Los anarcosindicalistas españoles de los años treinta compartían en lo fundamental el punto de vista de lo que Moishe Postone ha calificado como « marxismo tradicional [19] », a saber, una crítica del capitalismo « desde el punto de vista del trabajo », o lo que es lo mismo, a partir de una óptica que consideraba las relaciones de producción basadas en la propiedad privada de los medios de producción y el mercado como los principales obstáculos al desarrollo de las fuerzas productivas y la « emancipación del trabajo ». Así pues, según Postone, tanto el « marxismo tradicional » como el anarcosindicalismo reemplazaron la crítica del modo de producción hecha por Marx —una « crítica al trabajo en el capitalismo », es decir, a la totalidad identificada con el capital y constituida por el trabajo, por lo que ambos eran objetos centrales de la crítica— por un proyecto político de modificación de la distribución del producto social, y su corolario, la autoabolición del proletariado, por una teoría de la « emancipación del trabajo » entendida como conquista del poder (político o social) por parte de la clase trabajadora y generalización a toda la sociedad de la condición obrera [20].
A lo largo de todo el período ascendente del movimiento obrero, tanto los marxistas como los sindicalistas revolucionarios (anarquistas o no) depositaron sus esperanzas de superación del capitalismo y de la sociedad de clases en el poder cada vez mayor de la clase obrera en el seno del capitalismo. Los anarcosindicalistas españoles, por ejemplo, convirtieron al sindicato en una entidad de lucha contra el capital que prefiguraba a la sociedad emancipada del futuro. Así, mientras el congreso fundacional de la CNT (1910) había definido el sindicalismo como un medio de lucha y resistencia y no como un fin en sí, al celebrarse su IIIer Congreso (1931) el sindicato había pasado a convertirse en « el tipo de organización insuperable, no sólo como instrumento de resistencia frente al capitalismo, sino también como valor para suplantar a éste en la hegemonía y la dirección de la sociedad ».

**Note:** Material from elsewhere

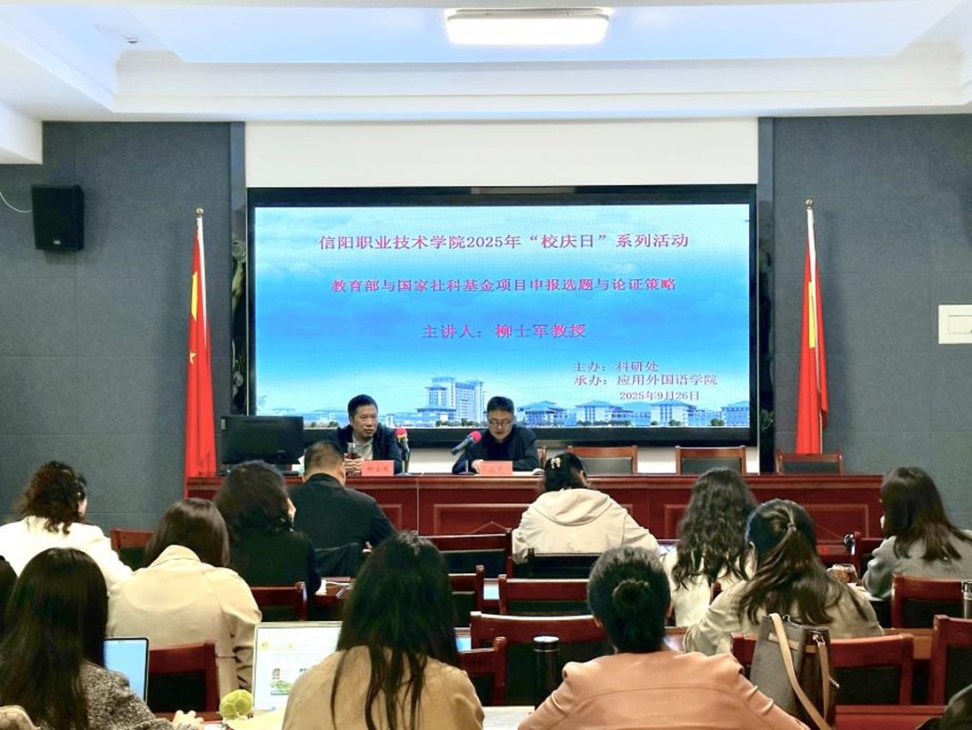 9月26日下午,信阳师范大学英语语言文学学科带头人柳士军教授应邀莅临公司做了一场题为“教育部与国家社科基金项目申报选题与论证策略”的专题报告。报告会由3377体育书记徐昊主持,学院全体教师参加。

El proyecto de comunismo libertario ibérico, pues, estaba completamente impregnado de la ideología obrerista de la época, que de acuerdo con Seidman llevaba « la aceptación del trabajo a su conclusión extrema, aunque sea lógica, y proponía construir una utopía centrada en los lugares de trabajo ». Los anarcosindicalistas no cuestionaban en modo alguno la centralidad del trabajo en el modo de producción capitalista, ni mucho menos fenómenos más « abstractos » como los estragos sociales y psíquicos causados por la dictadura del valor (cuya sustancia no es otra que el trabajo abstracto productor de plusvalía). Todo lo contrario, si algo movilizaba sus pasiones críticas era el no-trabajo en todas sus formas : el de los capitalistas, vagos y parásitos por descontado, pero también el que tenía sus raíces en la aversión al trabajo de las clases populares, a la que acusaban con no poca frecuencia de estar inspirada por los primeros o por el deseo de imitarles. Paradójicamente, por tanto, el objetivo utópico de abolir el trabajo en un horizonte situado más allá de la revolución social había de tener como punto de partida inicial la eliminación de todas las restricciones que pesaran sobre él y, en consecuencia, la extensión de la condición obrera a todo el mundo. De ahí la completa coherencia con que en 1936 el conocido mandamás de la CNT-FAI, Diego Abad de Santillán hizo suya la máxima bíblica (y bolchevique) « el que no trabaja no come ».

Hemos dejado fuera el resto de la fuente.